■ RECORDED INFORMATION ■
● ● ● ● ● ● ●
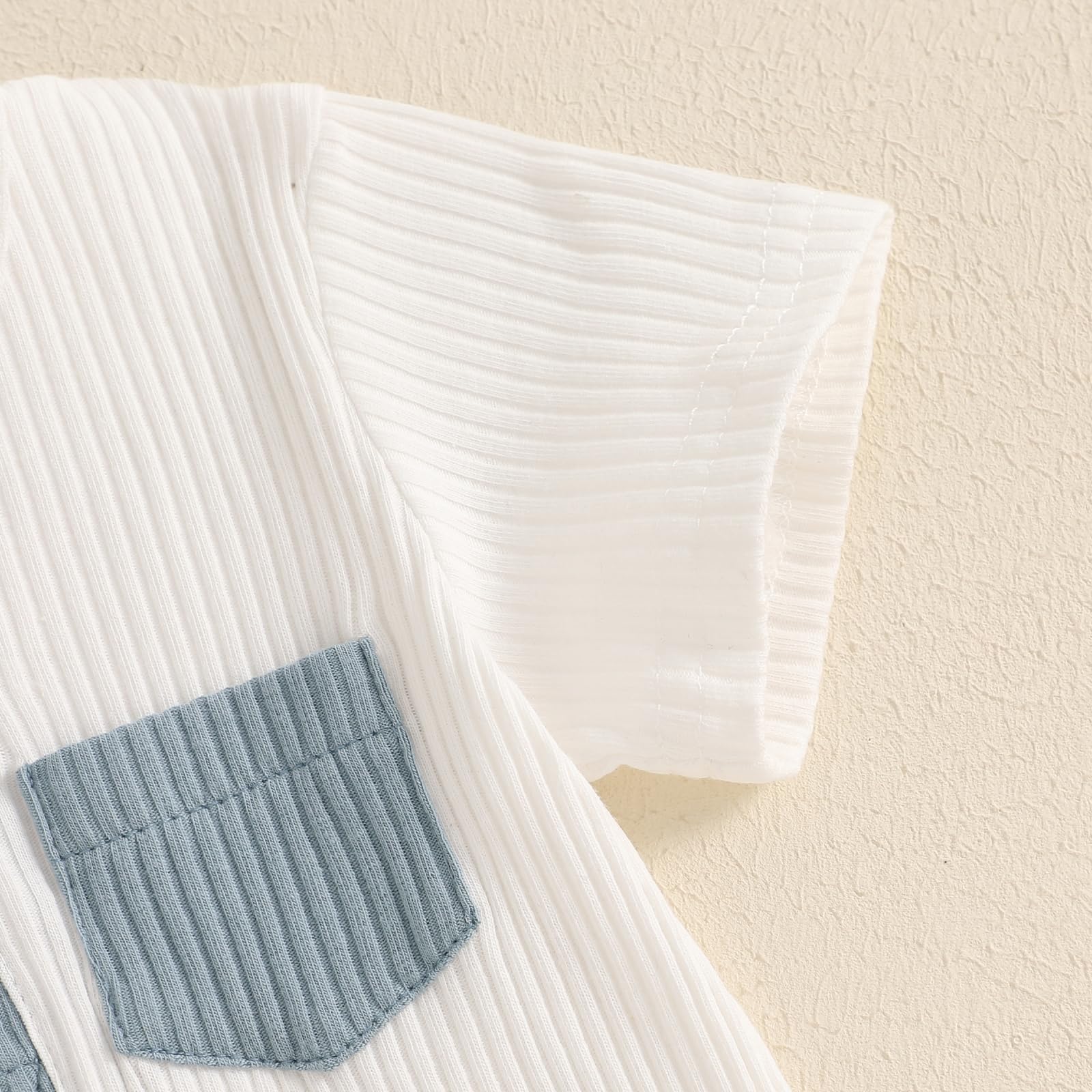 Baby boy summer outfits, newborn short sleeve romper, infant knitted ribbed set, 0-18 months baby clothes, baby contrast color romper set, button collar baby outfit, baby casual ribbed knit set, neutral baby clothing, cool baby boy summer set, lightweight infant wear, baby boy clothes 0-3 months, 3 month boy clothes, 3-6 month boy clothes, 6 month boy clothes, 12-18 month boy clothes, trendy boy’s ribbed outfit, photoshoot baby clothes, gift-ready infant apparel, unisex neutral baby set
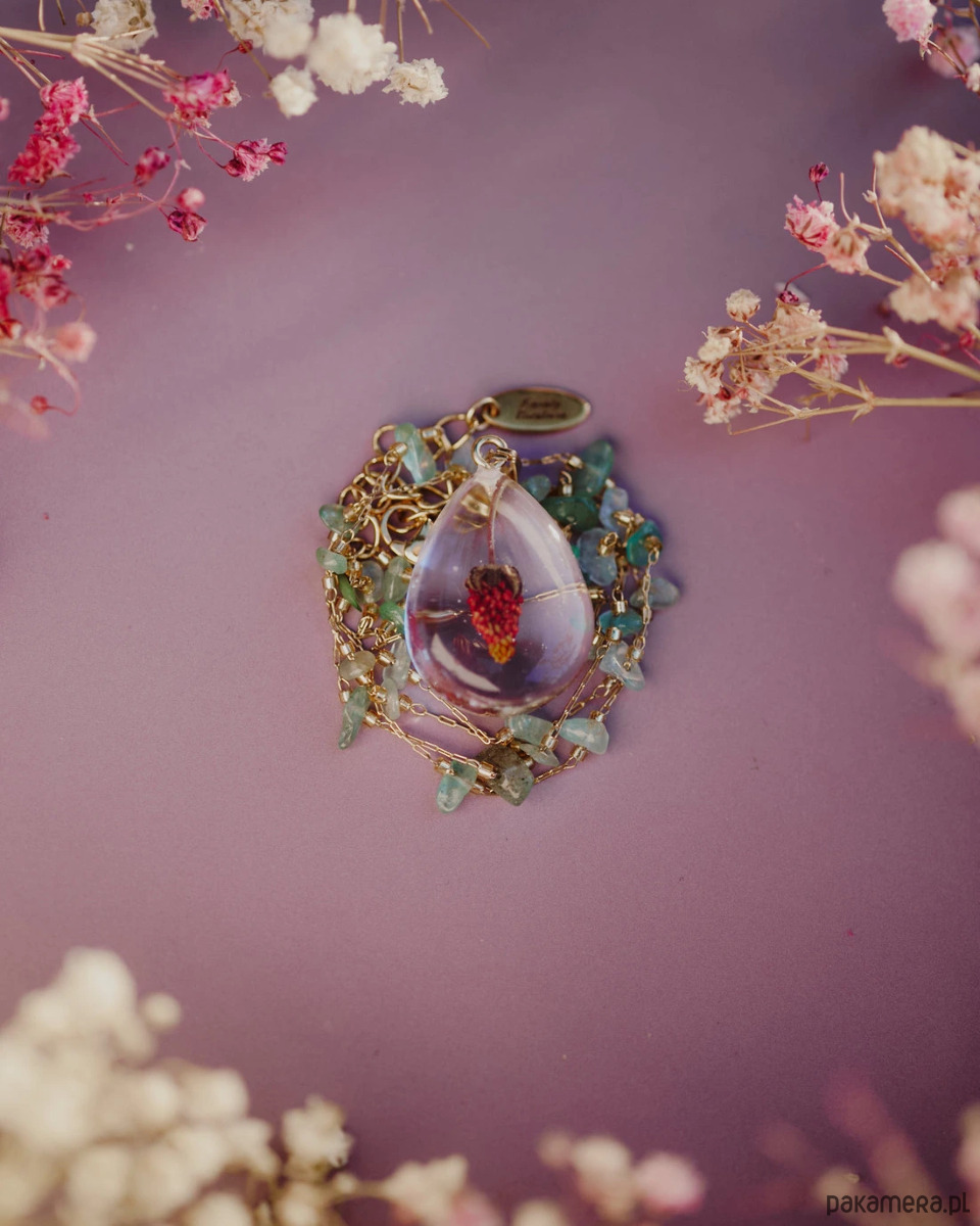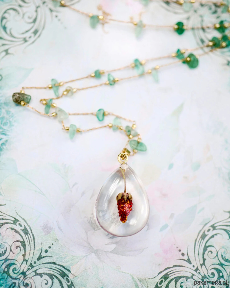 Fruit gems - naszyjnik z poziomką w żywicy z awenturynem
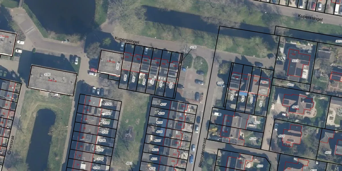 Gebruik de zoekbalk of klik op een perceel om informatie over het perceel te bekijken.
● ● ● ● ● ● ●
■ EXERCISE INSTRUCTIONS ■
Start to finish, write out the data above exactly, omitting all pictures.

■ ANSWER TO THE EXERCISE ■
 Baby boy summer outfits, newborn short sleeve romper, infant knitted ribbed set, 0-18 months baby clothes, baby contrast color romper set, button collar baby outfit, baby casual ribbed knit set, neutral baby clothing, cool baby boy summer set, lightweight infant wear, baby boy clothes 0-3 months, 3 month boy clothes, 3-6 month boy clothes, 6 month boy clothes, 12-18 month boy clothes, trendy boy’s ribbed outfit, photoshoot baby clothes, gift-ready infant apparel, unisex neutral baby set
 Fruit gems - naszyjnik z poziomką w żywicy z awenturynem
 Gebruik de zoekbalk of klik op een perceel om informatie over het perceel te bekijken.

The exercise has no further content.